Audiences must be surprised by the tonal shift of the song from the rest of the show, especially since it’s still early in the Stateside run.
There’s a lot of laughs in the song, and the scene prior is very funny. There are certain audiences where, as the song progresses, the laughs get more and more tenuous. They’re laughing at things that not everybody laughs at, because they’re going, It’s still funny, right? Then, when I say “Tom” instead of Bill, and Charlie and Jean exchange a look, that’s when the audience realizes, Poor Hester.
There’s something really fun that’s happening in America that didn’t happen in London. After the song ends, she trails off because she can’t bear to finish her thought, and in London there would always be a moment of silence before a tentative applause that everyone would join in. Here on Broadway, there’s a collective outbreath. The entire audience goes “Wow” together at the same time. When 800 people do that, it’s actually quite loud.
How did the first performances of “Dear Bill” go back in 2019?
I thought “Dear Bill” was going to get cut because I worried it would halt the story and that people were going to be like, “We don’t care about this.” Then we did the very first show and people were really crying. Back then, “Dear Bill” didn’t get an applause break. But the audience didn’t laugh at the whole next scene because they were livid. The applause break got added in, and then they were satiated.
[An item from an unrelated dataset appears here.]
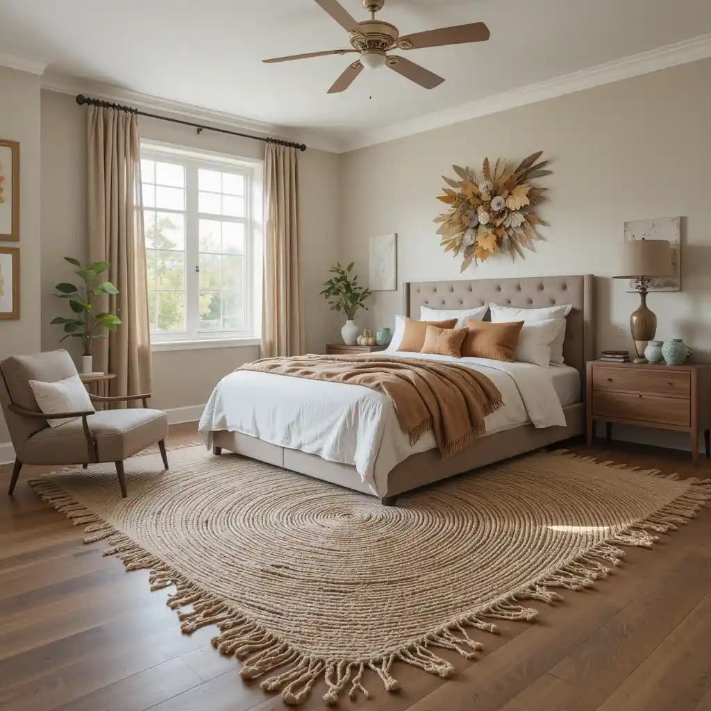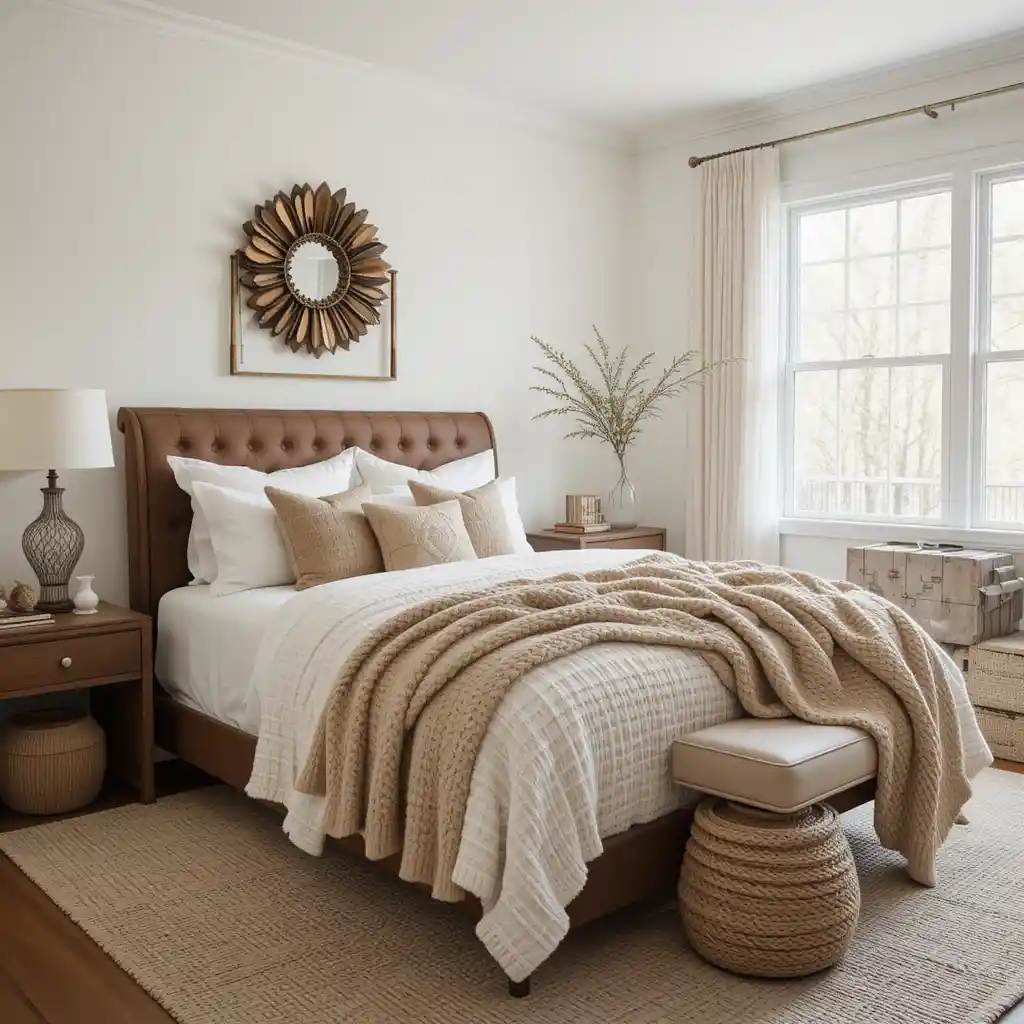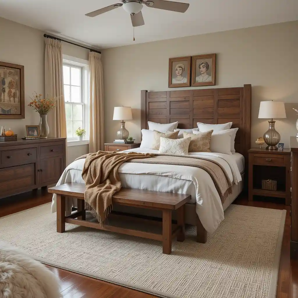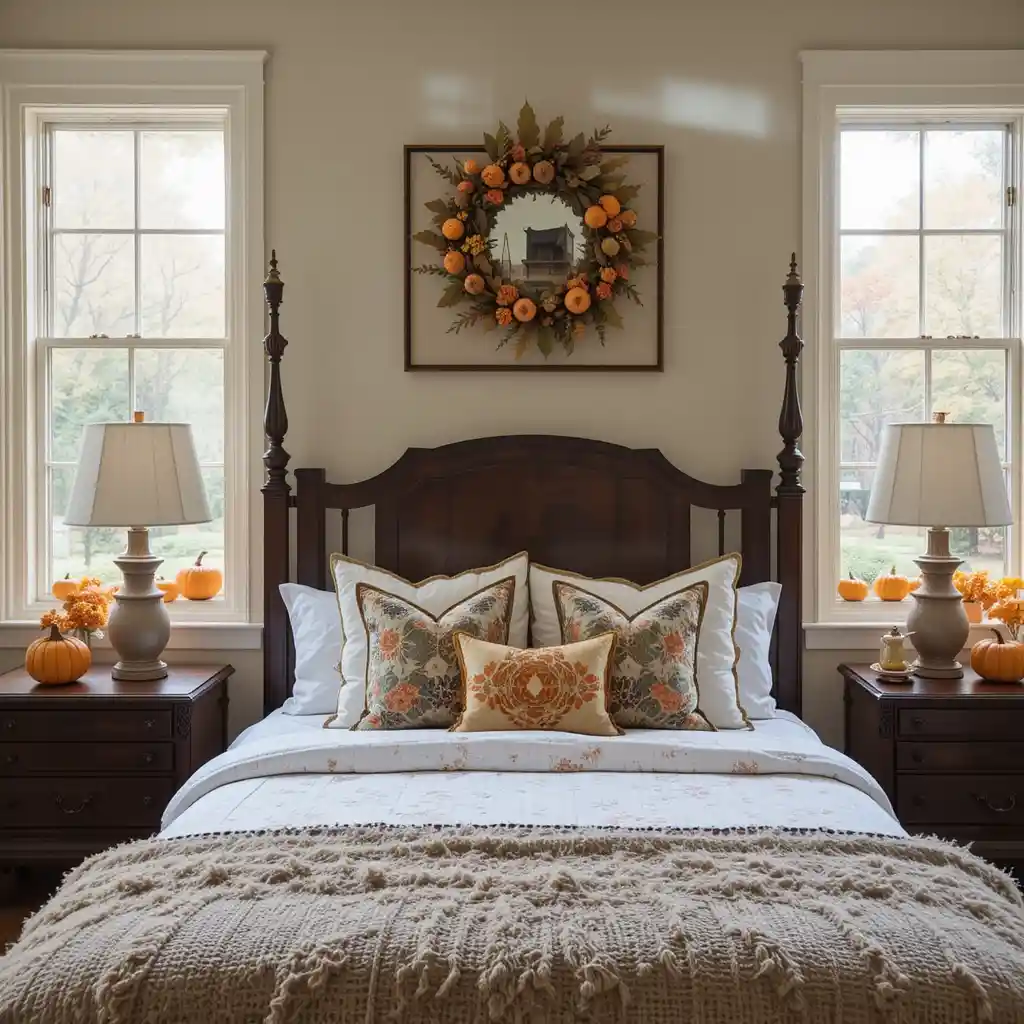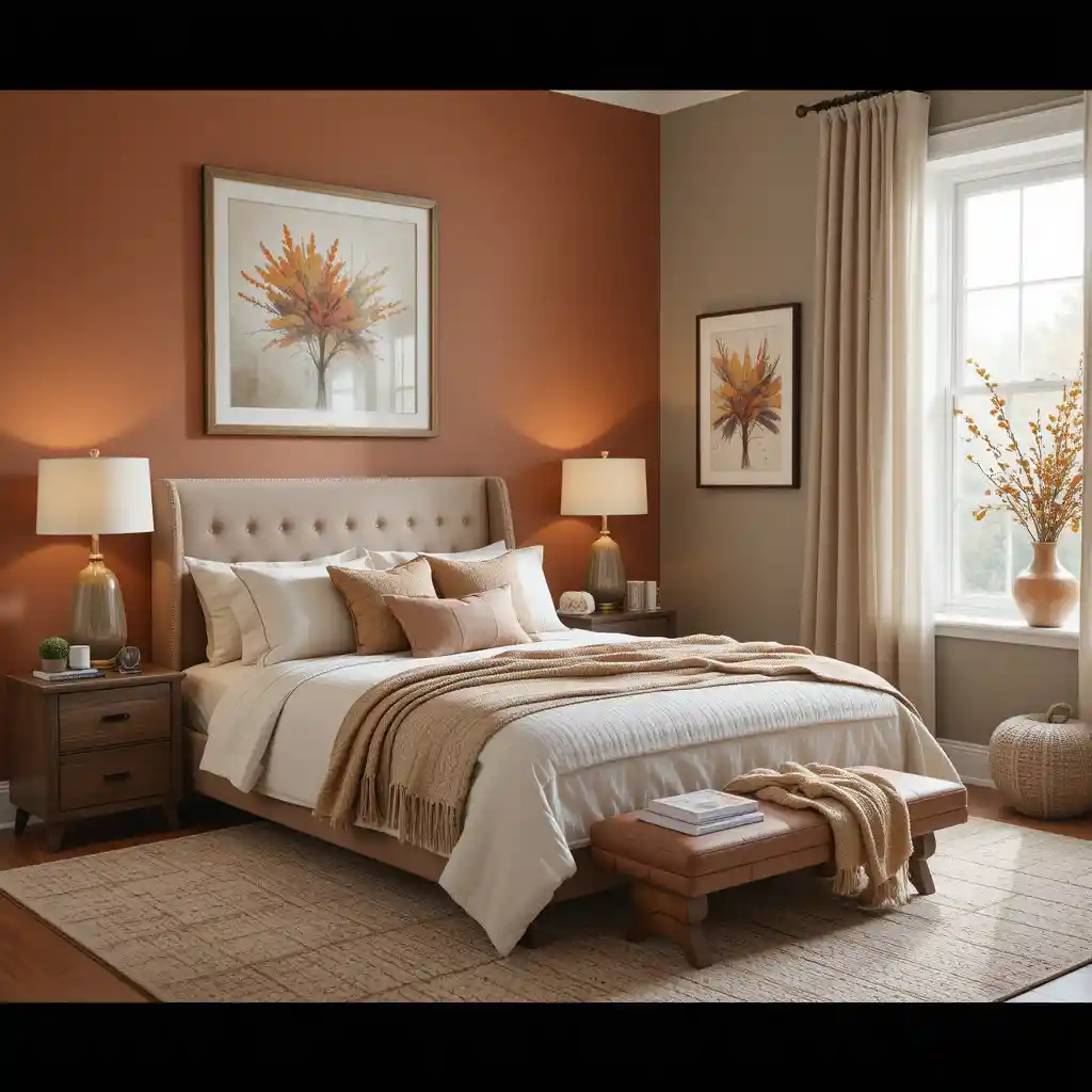 Swap in a reclaimed wood headboard or place a rustic bench at the foot of your bed. These elements ground the room in earthy, autumnal charm.

Once every few years, I’ll see a show and think, That song will be sung for the next hundred years. Right now, it’s yours.
It’s almost too huge to think about. This show has really informed how I think about legacy, because a lot of the show’s characters, especially Jean and Hester, are wrapped up in legacy.
I can’t read music, so when I wanted to learn a new song that really ignited me, I would listen to the cast album again and again. The idea that there are people out there who think, My goodness, I need to learn this. Therefore, I have to listen to Jak Malone sing it 200 times, is amazing.
What advice do you have for the people who will sing “Dear Bill” in college programs, cabarets, etc.?
Be careful where you decide to sing it. I’ve had people say that they’d like to sing it at an audition. You’d have to do an extract because it’s six and a half minutes long, so the panel aren’t going to be too happy. And be careful about how much work you’re asking your panel or your audience to do. I have the benefit of the whole show to tell them who this woman is and that I am a woman. To go into an audition panel and suddenly present as this war-torn widow might be a bit of a stretch.
But for anybody else, if you’re singing a cabaret or an open mic or something, every night I keep my hand movements pretty much 95 percent the same every show. It is a long song, and “Why did we meet in the middle of a war?” is repeated a few times. My hand movements are my map at any given point in the number. It’s the logistics of the thing. You have to really stay on the ball.
How do you process going from SpitLip fan to Olivier winner to starring on Broadway?
I have to go along with it. Otherwise, I think my head would explode. I don’t know if I believe in fate, and I don’t really believe in manifesting things. I believe in putting in the effort and doing the work, but there is something pretty weird about how I was told that summer, “Go and find what you want to do.” I found what I wanted to do. I get to use all of my skills, and I’m playing a character that is very similar to my Nanny Joan, who’s someone that I’m constantly thinking about, and now I’m on Broadway, which is my lifelong dream. It makes me wonder if somebody somewhere has gone, “Yeah, we’ll give him a good go of it before he dies.”